§ WORK ITEM
Pictures in the listing do not belong in the copy, which should repeat exactly the lines from the one holding "Royal Butterflies Flutter" through the last line.

§ MATERIAL PROVIDED
____________

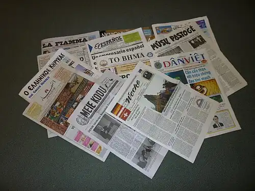 This is a list of newspapers published in New South Wales , Australia, in Languages other than English (LOTE). It reflects the many people who have migrated to this part of the world. According to the 2011 Census, 22.5% of the population speak a language other than English at home and 31.4% of the population were born overseas.[ 1] More than 160 languages, as well as English, are spoken at home in Australia.
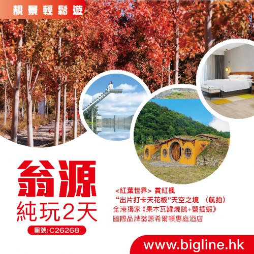 【季節限定 深秋美景】<紅葉世界> 賞紅楓 "出片打卡天花板"天空之境 (航拍) 全港獨家《果木瓦罐燒鵝+鹽插蝦》國際品牌翁源希爾頓惠庭酒店 純玩2天
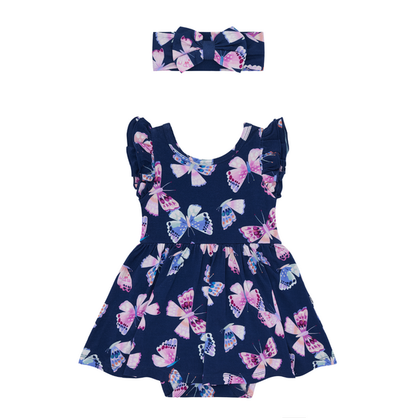 Royal Butterflies Flutter Twirl Dress with Bodysuit
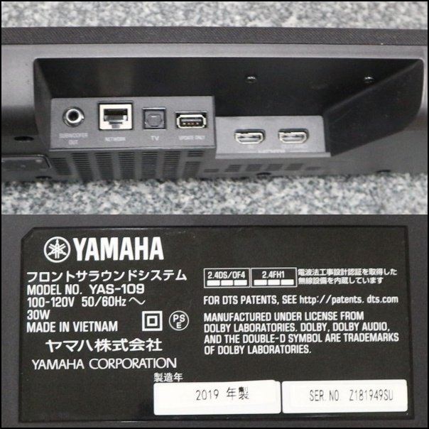 中古動作品 YAMAHA/ヤマハ フロントサラウンドシステム YAS-109 2019年製 リモコン付 送料2000円

____________

§ WRITTEN ANSWER
 Royal Butterflies Flutter Twirl Dress with Bodysuit
 中古動作品 YAMAHA/ヤマハ フロントサラウンドシステム YAS-109 2019年製 リモコン付 送料2000円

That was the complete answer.